Segundo Maria de Fátima Souza e Silva, parceira de Cintra na seleção dramatúrgica, ao criar a democracia, a Grécia detectou-lhe de imediato os defeitos, aqueles mesmos que se tornam, no quotidiano, flagrantes . Não faltam em cena, como na vida, as falhas do sistema jurídico, a corrupção alçada ao estatuto de regra na política, as desigualdades entre gêneros e classes, a xenofobia a acentuar conflitos e fronteiras. O velho mundo de Aristófanes não é assim tão velho.

Na encenação de Cintra, a atualidade da obra do comediógrafo é ressaltada justamente no paralelo entre a cidade grega e a tipicamente portuguesa vida em aldeia. A cenografia de Cristina Reis, ao instalar um imenso portal que separa o espaço ao fundo do palco (onde vemos uma cidade em perspectiva) do proscênio (onde decorrem as cenas), remete tanto aos edifícios do teatro clássico quanto aos acessos das cidades muralhadas que ainda hoje compõem a paisagem europeia.

Em cena de As mulheres na assembleia, assistimos a um típico bate-boca entre viúvas aldeãs, que convidam à gargalhada ao caricaturarem o próprio fado, cantado com grande comicidade pelas atrizes Luíza Cruz e Sofia Marques. Nesta altura, a discussão entre a primeira (velha) e a segunda (jovem) gira em torno de uma lei recentemente decretada, desde que as mulheres passaram a gerir o governo de Atenas, ordenando que os rapazes só poderão desvirginar as raparigas mais belas se passarem antes pelas camas das feias e velhas, tirando-lhes o atraso.

A cena concentra, pois, o aspecto que predomina no espetáculo de Cintra, ou seja, a proposta de uma cidade utópica onde o exercício do poder muda de um governo falocêntrico para uma espécie de feminocracia , regime em que as mulheres passam a gerir o Estado, decidindo por todos.

A desbragada comicidade de Aristófanes, só possível num mundo ainda alheio à culpa cristã, caracteriza o desconchavo da vida sexual como plataforma do governo feminino, num misto de entusiasmo carnavalesco e proposital falta de bom senso. Sobretudo duas das peças aristofânicas mais diretamente ligadas ao tema da mulher na política sustentam a síntese do Teatro da Cornucópia: Lisístrata e a já referida As mulheres na assembleia.

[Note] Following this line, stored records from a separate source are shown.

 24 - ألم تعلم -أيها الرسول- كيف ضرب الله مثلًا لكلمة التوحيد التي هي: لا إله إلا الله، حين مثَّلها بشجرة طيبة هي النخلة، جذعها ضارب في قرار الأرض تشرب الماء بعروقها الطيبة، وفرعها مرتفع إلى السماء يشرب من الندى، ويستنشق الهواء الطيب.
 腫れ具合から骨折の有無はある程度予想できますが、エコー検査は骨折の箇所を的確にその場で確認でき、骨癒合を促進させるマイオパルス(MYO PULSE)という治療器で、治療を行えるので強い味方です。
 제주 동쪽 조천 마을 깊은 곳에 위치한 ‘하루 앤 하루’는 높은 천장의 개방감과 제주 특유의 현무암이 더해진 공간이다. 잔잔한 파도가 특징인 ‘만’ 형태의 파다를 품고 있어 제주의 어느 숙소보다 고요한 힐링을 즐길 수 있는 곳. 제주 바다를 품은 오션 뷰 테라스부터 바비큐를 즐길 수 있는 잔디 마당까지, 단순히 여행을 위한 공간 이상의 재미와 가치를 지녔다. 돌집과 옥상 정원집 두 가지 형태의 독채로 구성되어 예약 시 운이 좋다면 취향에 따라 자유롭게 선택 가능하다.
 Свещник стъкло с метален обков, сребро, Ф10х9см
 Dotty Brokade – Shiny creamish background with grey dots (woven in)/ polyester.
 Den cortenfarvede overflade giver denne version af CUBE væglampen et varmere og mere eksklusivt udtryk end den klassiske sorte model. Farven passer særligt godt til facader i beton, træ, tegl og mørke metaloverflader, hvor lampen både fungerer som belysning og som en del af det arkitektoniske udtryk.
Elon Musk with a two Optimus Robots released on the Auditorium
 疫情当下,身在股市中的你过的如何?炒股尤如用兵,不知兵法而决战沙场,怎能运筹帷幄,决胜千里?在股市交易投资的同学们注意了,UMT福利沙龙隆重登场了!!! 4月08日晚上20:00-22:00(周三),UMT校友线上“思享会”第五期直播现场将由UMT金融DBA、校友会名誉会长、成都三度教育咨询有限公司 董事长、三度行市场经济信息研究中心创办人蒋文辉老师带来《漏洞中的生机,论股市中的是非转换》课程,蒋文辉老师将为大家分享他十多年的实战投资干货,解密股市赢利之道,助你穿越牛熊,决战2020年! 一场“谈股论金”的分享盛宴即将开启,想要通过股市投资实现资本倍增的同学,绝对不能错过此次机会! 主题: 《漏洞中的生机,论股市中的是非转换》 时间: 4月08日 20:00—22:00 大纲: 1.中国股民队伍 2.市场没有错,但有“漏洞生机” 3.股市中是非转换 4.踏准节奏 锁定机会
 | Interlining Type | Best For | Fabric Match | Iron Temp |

Desta última, aliás, é grande o destaque que se dá ao julgamento de outro autor teatral, Eurípides, acusado por Aristófanes de representar as mulheres de modo um tanto quanto misógino. O tema permanece um desafio aos estudiosos que veem na comédia aristofânica um retrato sociológico da Grécia antiga, uma vez que as tragédias de Eurípides que conhecemos dão conta não de misoginia, mas, pelo contrário, de figuras femininas de caráter hirto, como não nos deixa mentir Medeia, sua mais emblemática heroína.

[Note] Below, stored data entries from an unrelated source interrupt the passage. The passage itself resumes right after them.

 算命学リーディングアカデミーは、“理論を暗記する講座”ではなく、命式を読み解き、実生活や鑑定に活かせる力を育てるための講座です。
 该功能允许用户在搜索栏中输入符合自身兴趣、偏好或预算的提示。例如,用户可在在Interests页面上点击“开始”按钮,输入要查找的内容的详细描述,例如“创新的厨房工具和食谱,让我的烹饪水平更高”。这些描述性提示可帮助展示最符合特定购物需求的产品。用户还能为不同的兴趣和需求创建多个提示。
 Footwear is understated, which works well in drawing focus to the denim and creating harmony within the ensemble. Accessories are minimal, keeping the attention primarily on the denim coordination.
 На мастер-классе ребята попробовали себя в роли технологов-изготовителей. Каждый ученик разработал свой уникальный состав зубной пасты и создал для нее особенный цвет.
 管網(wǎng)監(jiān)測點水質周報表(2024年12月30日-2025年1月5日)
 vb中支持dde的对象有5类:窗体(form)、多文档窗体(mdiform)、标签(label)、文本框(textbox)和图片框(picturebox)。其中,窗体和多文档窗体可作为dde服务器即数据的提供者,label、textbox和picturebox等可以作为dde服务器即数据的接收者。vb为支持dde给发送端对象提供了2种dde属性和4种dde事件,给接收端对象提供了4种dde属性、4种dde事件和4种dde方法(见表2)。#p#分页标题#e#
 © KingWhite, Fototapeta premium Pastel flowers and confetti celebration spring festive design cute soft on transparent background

A questão feminina, como metáfora de toda diferença, renova aqui sua atualidade graças também à coloquialidade com que as traduções de Maria de Fátima Souza e Silva e Custódio Magueijo deixam fluidos os diálogos aristofânicos. Removida a poeira arqueológica, dá-se a ver e ouvir uma obra cômica vigorosa.

Em louvável coincidência, a Imprensa Nacional Casa da Moeda vêm editando, uma a uma, as comédias de Aristófanes que virou figurinha fácil nas livrarias portuguesas. Considerando, porém, que o repertório selecionado pelo Teatro da Cornucópia para A cidade abrange a quase totalidade do legado de Aristófanes, é possível nos ressentirmos da exclusão de As vespas (já publicada pela Universidade de Coimbra nas edições do Festival Internacional de Teatro Clássico, anualmente realizado em Portugal). Trata-se, afinal de contas, de uma comédia ambientada num tribunal, centro nervoso e tragicômico das democracias de ontem e de hoje.

De todo modo, fazendo rir da cidade real, Aristófanes poetizou a utopia de uma nova cidade, entregue ao amor e à liberdade, governada pelo feminino e pelo prazer. Resta-nos a torcida para que a crescente preocupação portuguesa em reverenciar a obra do magistral poeta cômico continue a inspirar, também, os palcos e as casas editoriais de além-mar, onde já não são poucas as edições e encenações de sua obra.